This analysis will explore this dataset which contains climate, geographic, and economic information pertaining to major power outages in the United States from January 2000 – July 2016. This dataset contains 1534 rows (observations) and 55 columns (features).
Investigative Question
Specifically, the following analysis will focus on power outages caused by severe weather to answer the following question:
- How does the cause, climate region, and climate category impact the duration of power outages due to severe weather?
Key Features
The following columns will be used to address this question:
OUTAGE.DURATION: Duration of outage events (in minutes)CAUSE.CATEGORY.DETAIL: Detailed description of the event categories causing the major power outages such as heavy wind, thunderstorm, tornado, etc.CLIMATE.REGION: U.S. Climate regions as specified by National Centers for Environmental Information (nine climatically consistent regions in continental U.S.A.). This includes Central, East North Central, Northeast, Northwest, South, Southeast, Southwest, West, and West North Central.CLIMATE.CATEGORY: Represents the climate episodes corresponding to the years. The categories—“Warm”, “Cold” or “Normal” episodes of the climate are based on a threshold of ± 0.5 °C for the Oceanic Niño Index (ONI)
Data Cleaning
To ensure a meaningful and valid data analysis, the following steps were taken to clean and organize the dataset:
Removing Unnecessary Columns: The original Excel sheet containing the dataset included empty rows at the top and left, which did not contribute any meaningful information, so the dataset was read in starting from the sixth row and second column.
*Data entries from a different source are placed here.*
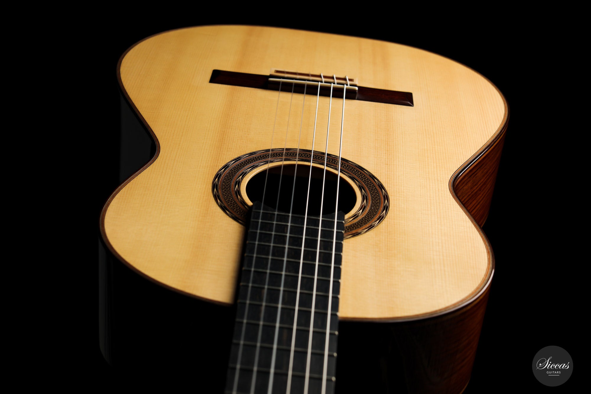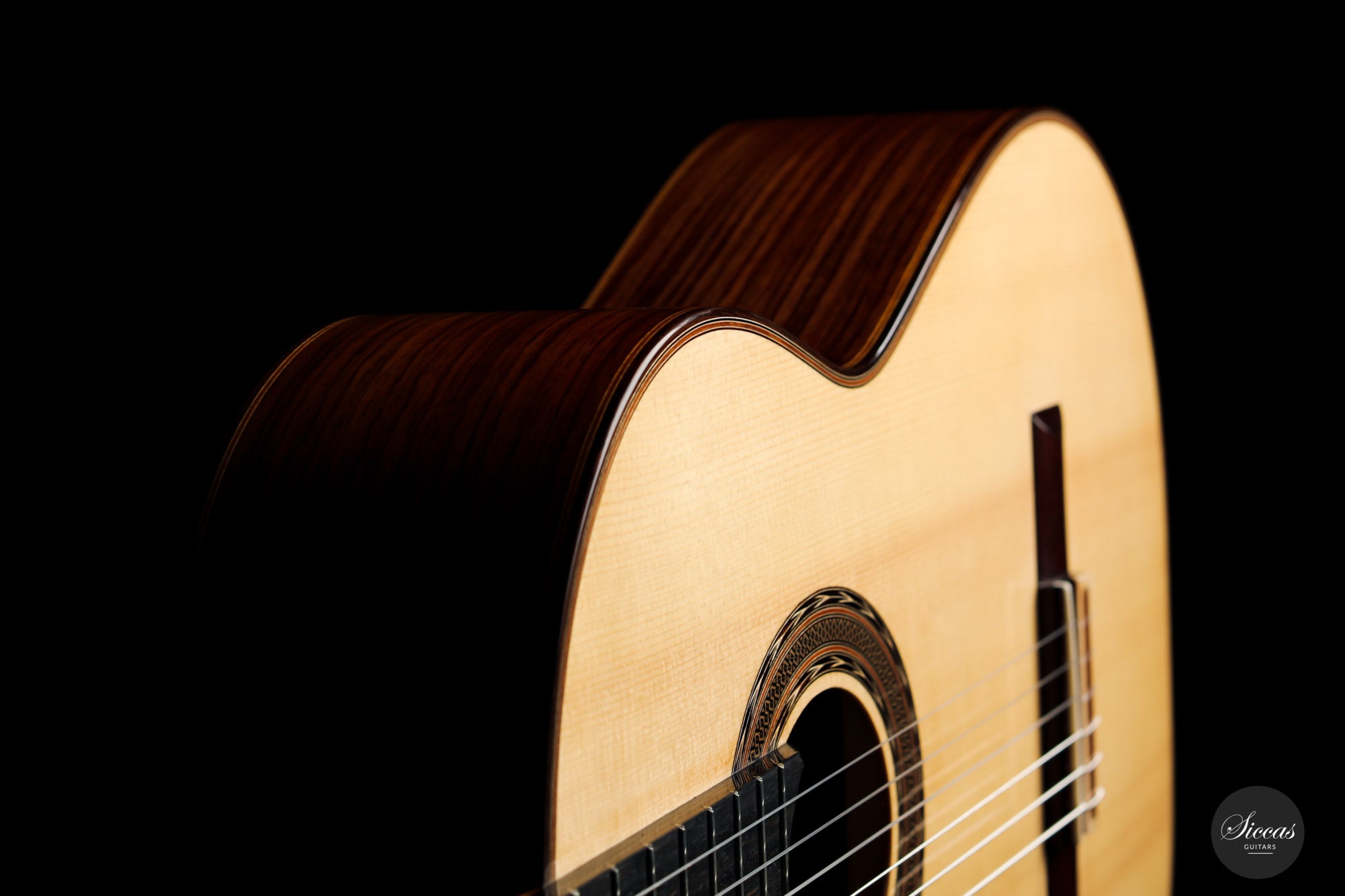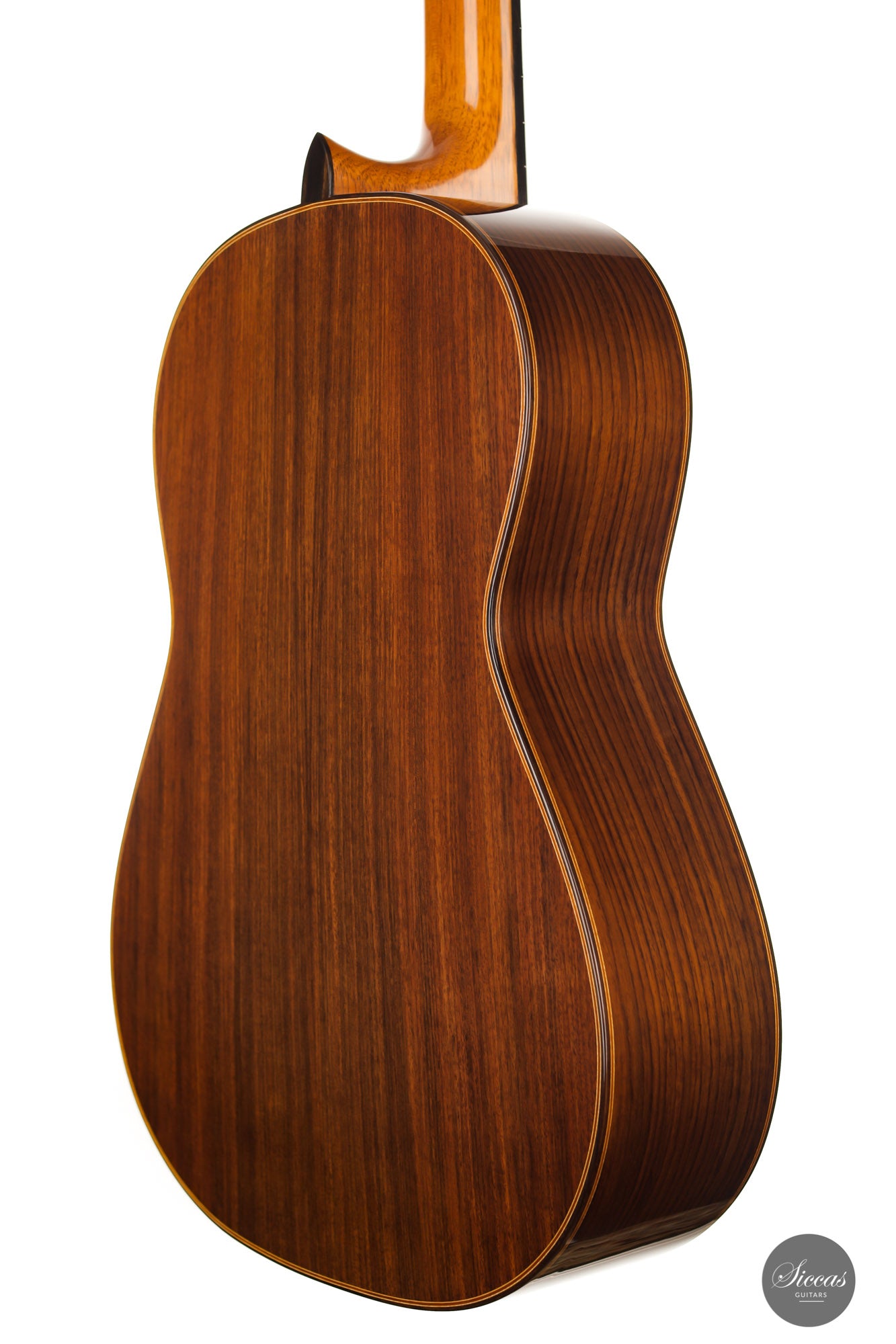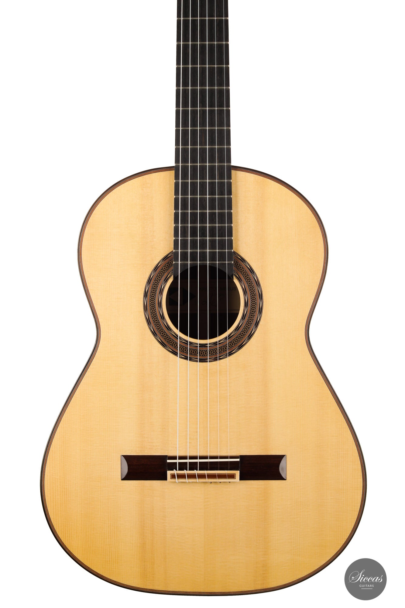 This excellent classical guitar is Kristof Meeus' personal concert model. It features a fascinating lattice bracing pattern made of spruce, reinforced by cedar inlays at each crossing to give it strength and flexibility. This guitar's overall look, particularly the rosette, reminds of some Enrique Garcia designs and is appealing to the eye. Conveying a feeling of harmony in its aesthetic, one can also find this quality in this instrument's sound. The response of the soundboard is immediate and develops a mature, velvety sound. Stunning balance and delightful playability finalise the overall excellent picture of this fine guitar.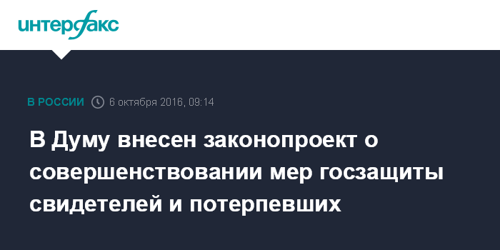 В Думу внесен законопроект о совершенствовании мер госзащиты свидетелей и потерпевших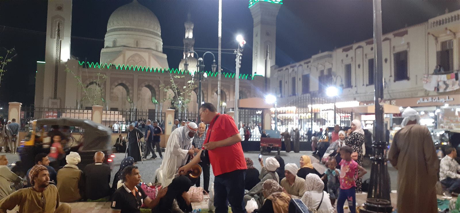 توافد المئات وافترشوا ساحات مسجد السيد البدوى بمدينة طنطا في الغربية عقب الإفطار مباشرة لحجز مكان لهم للإستمتاع بتلك الليلة كما هي العادة.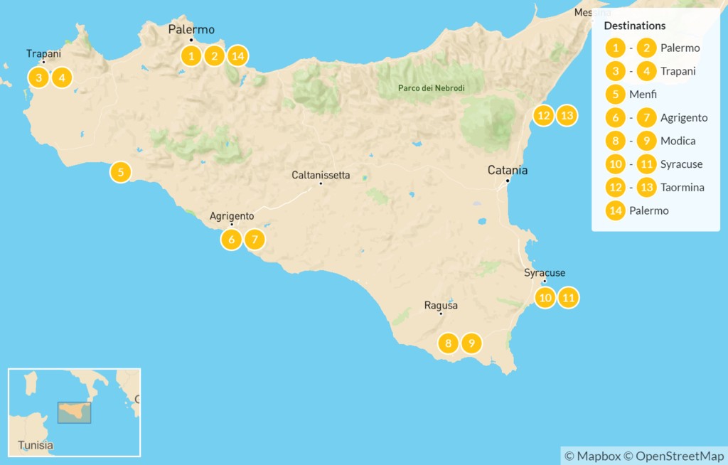 Map of Sicily Highlights Self-Drive Tour – 15 Days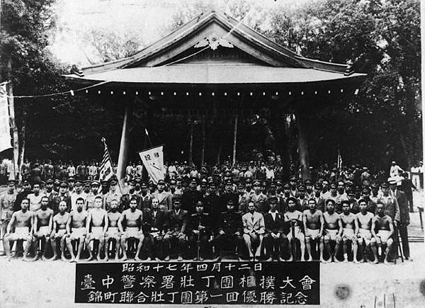 1937年4月,日本侵略者為了鞏固在台灣的統治地位,開始對台灣地區進行軍國統戰體制。經常舉辦青少年,壯年,甚至婦女的防禦演習和健康競賽等。本圖是舉辦的壯丁團相撲活動。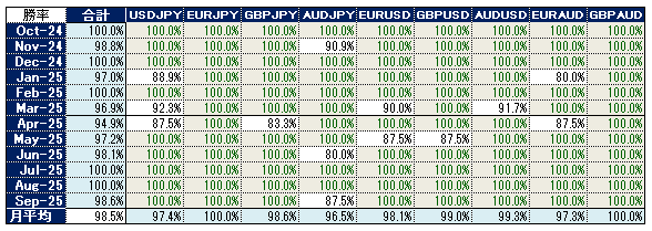 取引回数は9通貨合計で69回と平均並みの水準に戻り、勝率は98.6%でした。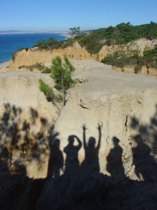 Iniciámos o percurso junto ao portão da NATO, espaço inserido na Mata dos Medos, constituída por pinheiro manso, Sabina-das-areias, Aroeira, rosmaninho e tomilho, e logo seguimos para a crista da Arriba Fóssil da Costa da Caparica, que é classificada como paisagem protegida pelo Instituto da Conservação da Natureza e Biodiversidade (ICNB).
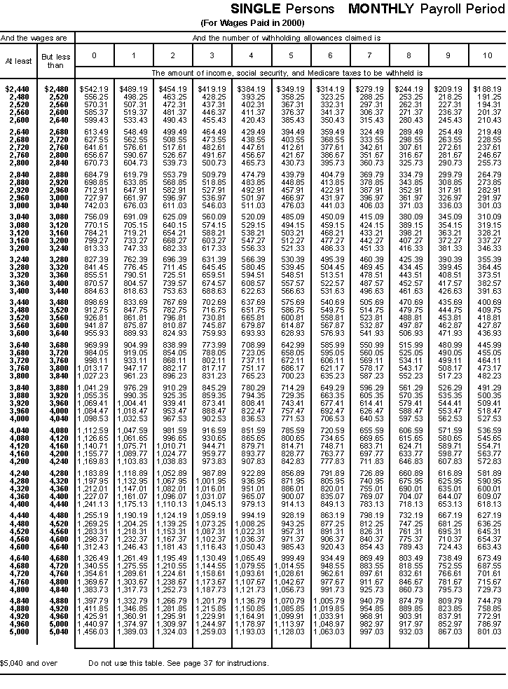 - Single Persons - Monthly, Paid Wages $2440 - $5040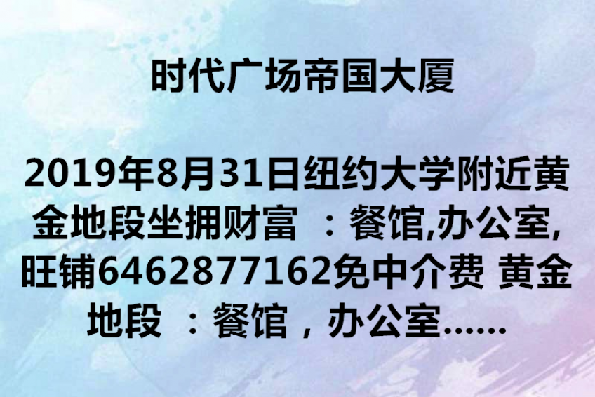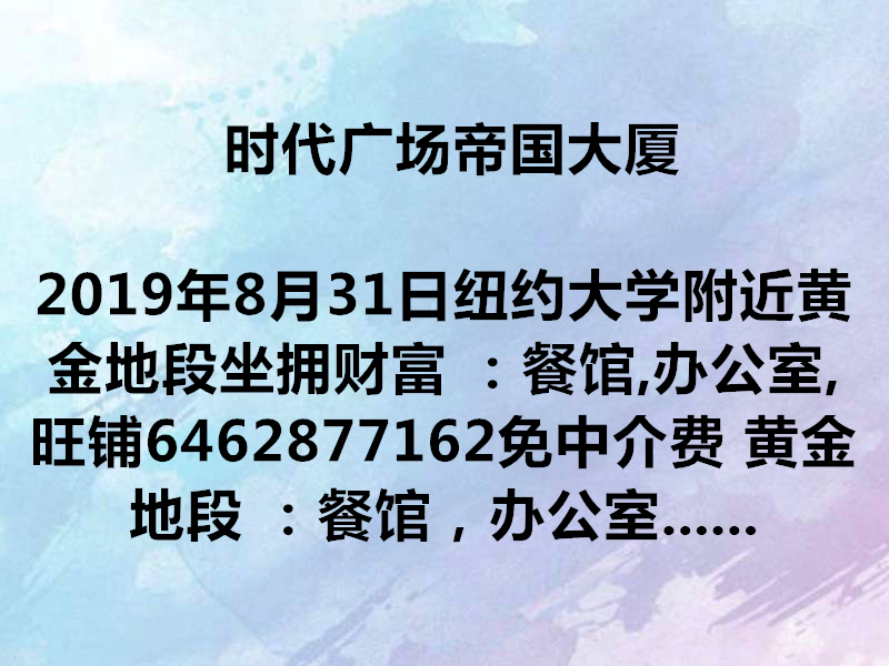“时代广场帝国大厦,纽约大学附近黄金地段坐拥财富 :餐馆,办公室,旺铺6462877162免中介费 黄金地段 :餐馆,办公室,旺铺 举世瞩目最旺旺旺Location! 曼哈顿中城近Time Square 和 Bryant Park 地铁N,R,Q,S,1,2,3,7,A,B,C,C,E,F,S. M都在旁边,周围都是游客。 1͉,【旺铺出租】W38街6 Ave 1500 尺 土库,租金$15000。 3000尺$30000 2,各类大小【办公室】出租W38~40St (5~6Ave)2500尺每尺$38 寻找有实力的创业者! 3近曼哈顿长岛市全新楼店铺889尺$4995 适合甜品,Deli。 4,近曼哈顿独立仓库5000尺寸$24 一尺 5,E82 街1600 尺$13000,适合指甲,按摩店 6,Brooklyn独立仓库5000尺 每尺$24 适合批发公司”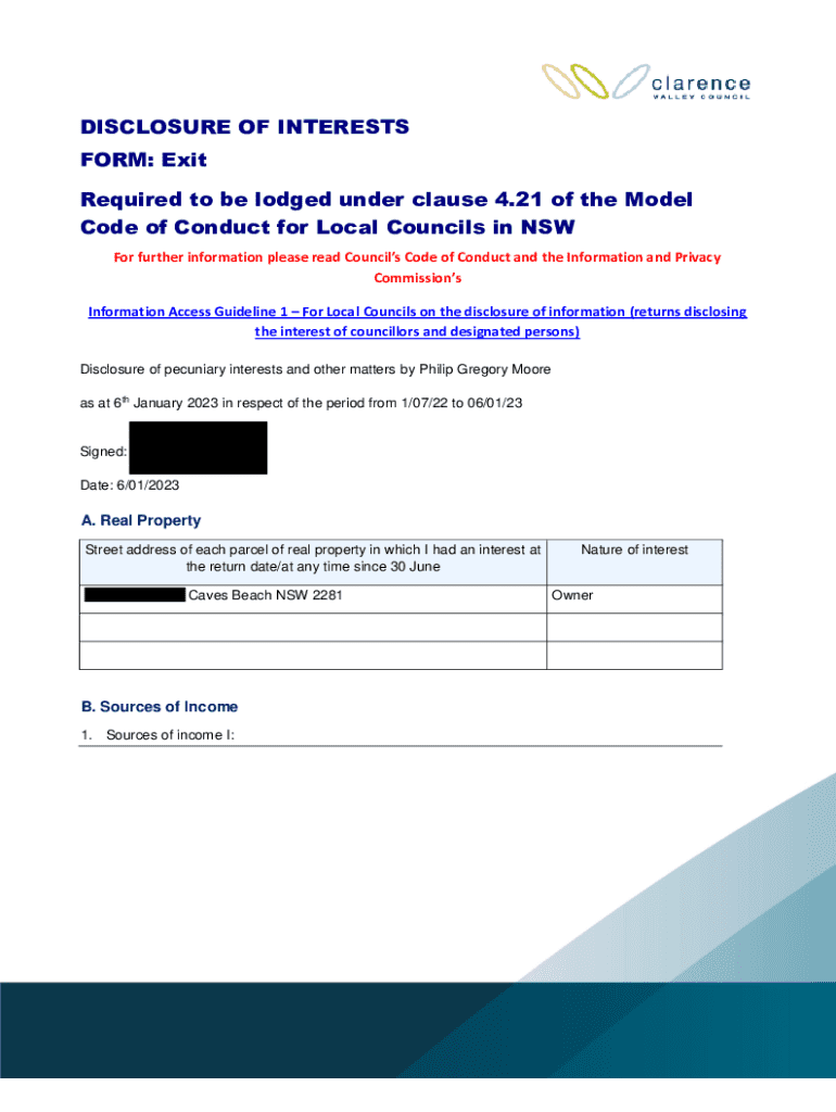 DISCLOSURE OF INTERESTS FORM: Exit Required to be lodged under clause 4.21 of the Model Code of Conduct for Local Councils in NSW For further information please read Councils Code of Conduct and the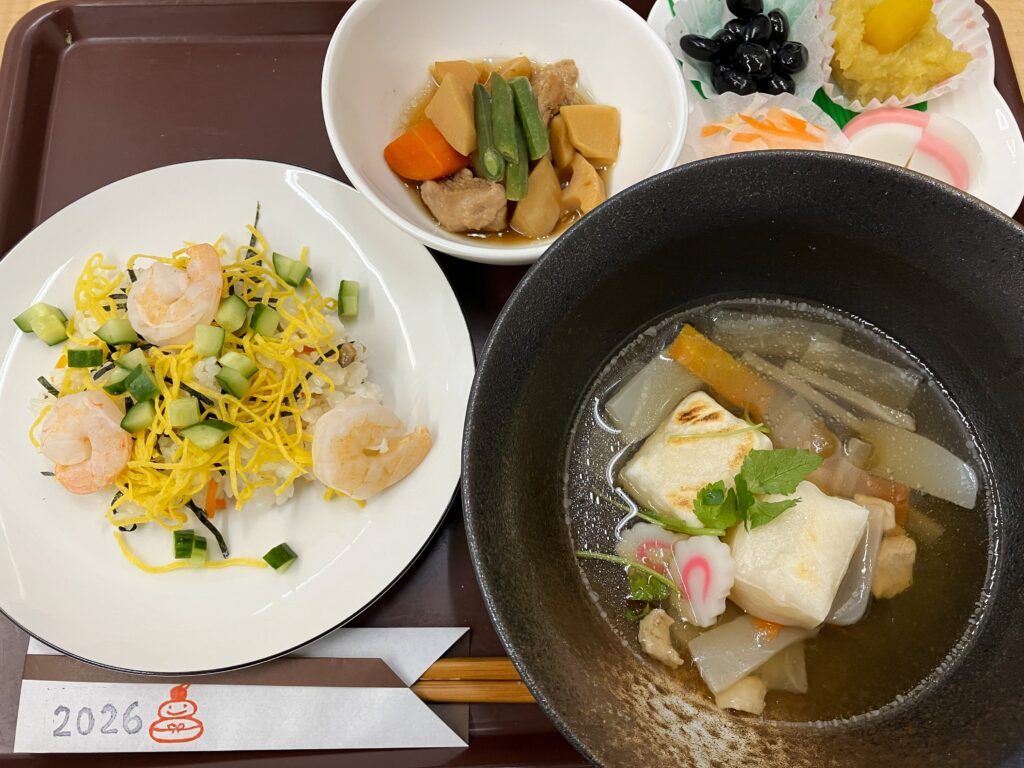 ちらし寿司やお雑煮など、お正月を感じられる食事で、

Extracting Relevant Information: Since the research question specifically focuses on power outages caused by severe weather, only the rows where the value of CAUSE.CATEGORY was “severe weather” were kept.
Dropping Missing Values in the Response: Since the analysis aims to predict outage duration, any rows where the value of OUTAGE.DURATION was NaN were dropped since this analysis utilizes supervised learning, which requires a known target value in order to train the model. Furthermore, rows where OUTAGE.DURATION were equal to 0 were also dropped, since it is unreasonable for a power outage to last 0 minutes, and will lead to lower predictions than it should.
Creating New Features: In order to make the response more interpretable, a new column, OUTAGE.DURATION.HOURS was created by dividing OUTAGE.DURATION by 60. This new column holds the outage duration in hours rather than minutes.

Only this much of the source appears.